However, in imbalanced datasets, standard cross-entropy loss can lead to biased learning, where the model favors majority classes and struggles to recognize minority classes effectively [37]. To counteract this, class weighting is commonly applied, where the weight assigned to each class is computed as follows:

$$w_c={\displaystyle \frac{N}{K·n_c}}$$

(2)

where N is the total number of samples, K is the total number of classes, and $n_c$ is the number of samples in class c. This ensures that classes with fewer samples receive higher weights, thereby balancing the contribution of each class to the loss function.
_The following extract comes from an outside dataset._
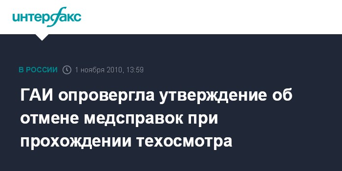 Москва. 1 ноября. INTERFAX.RU - Российская Госавтоинспекция опровергла утверждения некоторых СМИ о том, что при прохождении техосмотра больше не требуется заключение врачей о состоянии здоровья автовладельца.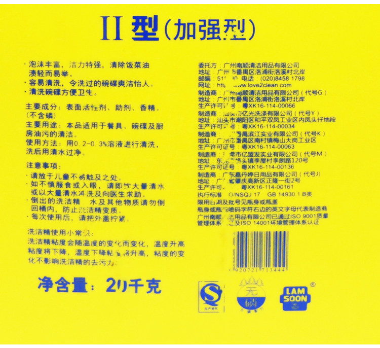 Labor brand lemon Ⅱ type 20 kg bucket of dishwashing detergent industrial hotel canteen with dishwashing detergent

Further to image resizing, each RGB channel of the inputs was independently normalized by subtracting the mean and dividing by the standard deviation, as computed on the entire training set. The mean was determined as [0.4143, 0.2877, 0.2184] and the standard deviation as [0.2986, 0.2210, 0.1784], for the red, green, and blue channels, respectively. In addition, data augmentation techniques were applied during training to increase the diversity of the training set. The augmentations used were as follows:

• Horizontal flipping: The image was flipped horizontally with a 50% probability of introducing left–right variations.
• Vertical flipping: The image was flipped vertically with a 50% probability of adding top–bottom variations.
• Color jittering: The following image color properties were randomly adjusted as follows:

  –

  Brightness adjusted between 60% and 160% of the original.

  –

  Contrast adjusted by a factor of 0.2.

  –

  Saturation adjusted by a factor of 0.1.

  –

  Hue slightly altered within a range of ±0.01.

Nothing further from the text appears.